同样,测试 client 证书在 etcd 的服务上是否正常使用


root@cnxct:~/cfssl# curl --cacert /data/etcd/ssl/ca.pem --cert /data/etcd/ssl/client.pem --key /data/etcd/ssl/client-key.pem   -L https://etcd1.cnxct.com:2379/v2/keys/foo -XPUT -d value=bar -v
*   Trying 127.0.1.1...
* Connected to etcd1.cnxct.com (127.0.1.1) port 2379 (#0)
* found 1 certificates in /data/etcd/ssl/ca.pem
* found 692 certificates in /etc/ssl/certs
* ALPN, offering http/1.1
* SSL connection using TLS1.2 / ECDHE_RSA_AES_128_GCM_SHA256
* 	 server certificate verification OK
* 	 server certificate status verification SKIPPED
* 	 common name: server (matched)
* 	 server certificate expiration date OK
* 	 server certificate activation date OK
* 	 certificate public key: RSA
* 	 certificate version: #3
* 	 subject: CN=server
* 	 start date: Fri, 15 Sep 2017 07:08:00 GMT
* 	 expire date: Wed, 14 Sep 2022 07:08:00 GMT
* 	 issuer: CN=CA
* 	 compression: NULL
* ALPN, server did not agree to a protocol
> PUT /v2/keys/foo HTTP/1.1
> Host: etcd1.cnxct.com:2379
> User-Agent: curl/7.47.0
> Accept: */*
> Content-Length: 9
> Content-Type: application/x-www-form-urlencoded
>
* upload completely sent off: 9 out of 9 bytes
< HTTP/1.1 201 Created
< Content-Type: application/json
< X-Etcd-Cluster-Id: 965e90621e9f9f0f
< X-Etcd-Index: 4
< X-Raft-Index: 5
< X-Raft-Term: 2
< Date: Fri, 15 Sep 2017 07:52:54 GMT
< Content-Length: 88
<
{"action":"set","node":{"key":"/foo","value":"bar","modifiedIndex":4,"createdIndex":4}}
* Connection #0 to host etcd1.cnxct.com left intact

如上结果,可以看出,两个证书均正常使用。

开始在 Golang 的 client 中使用证书文件:
etcd 本身就是用 golang 语言编写的,项目托管在 etcd 的 github地址,客户端类库在client目录,以及 clientv3下,前一个适用与etcd v2的版本,后一个适用与v3的版本,在 golang 的包里,就是github.com/coreos/etcd/clientv3。
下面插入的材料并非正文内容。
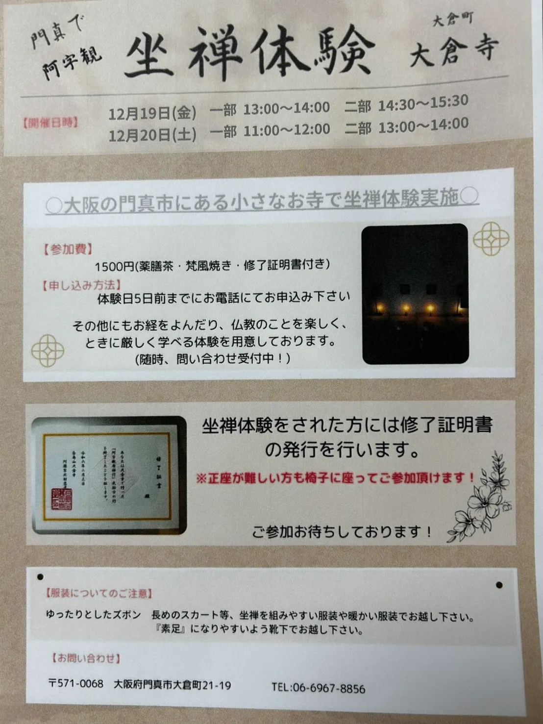 【白島山大倉寺】座禅会12月(阿字観)体験のお知らせ

在我的项目中,我使用的是v3版本的客户端,使用证书,建立链接的伪代码如下

import (
	"crypto/tls"
	"crypto/x509"
	etcdclient "github.com/coreos/etcd/clientv3"
)
func NewEtcdCluster(etcdAdds []string, keyStatusPrifix, keyConfigPrifix, configDir string) (*EtcdCluster, error) {

var etcdCertPath = configDir + "/etcd/client.pem"
	var etcdCertKeyPath = configDir + "/etcd/client-key.pem"
	var etcdCaPath = configDir + "/etcd/ca.pem"

	// load cert
	cert, err := tls.LoadX509KeyPair(etcdCertPath, etcdCertKeyPath)
	if err != nil {
		return nil, err
	}

	// load root ca
	caData, err := ioutil.ReadFile(etcdCaPath)
	if err != nil {
		return nil, err
	}

	pool := x509.NewCertPool()
	pool.AppendCertsFromPEM(caData)

	_tlsConfig := &tls.Config{
		Certificates: []tls.Certificate{cert},
		RootCAs:      pool,
	}

	cfg := etcdclient.Config{
		Endpoints: etcdAdds,
		TLS:       _tlsConfig,
	}
	client, err := etcdclient.New(cfg)
	if err != nil {
		return nil, err
	}

	cluster := &EtcdCluster{
		keyStatusPrifix: keyStatusPrifix,
		keyConfigPrifix: keyConfigPrifix,
		etcdAdds:        etcdAdds,
		ticker:          time.NewTicker(time.Second * 5),
		nodes:           make(map[uint16]INodeStatus),
		kapi:            client,
	}
    return cluster, err
}

在游戏集群中,游戏服务器的节点在整个集群中是唯一的,每个节点都拥有一个唯一的节点 ID,而这个唯一 ID 在 ETCD 里的注册,需要用到CAS原子性的操作,在 V2的客户但里,是Set方法时,Options的PrevExist参数是 false 来实现。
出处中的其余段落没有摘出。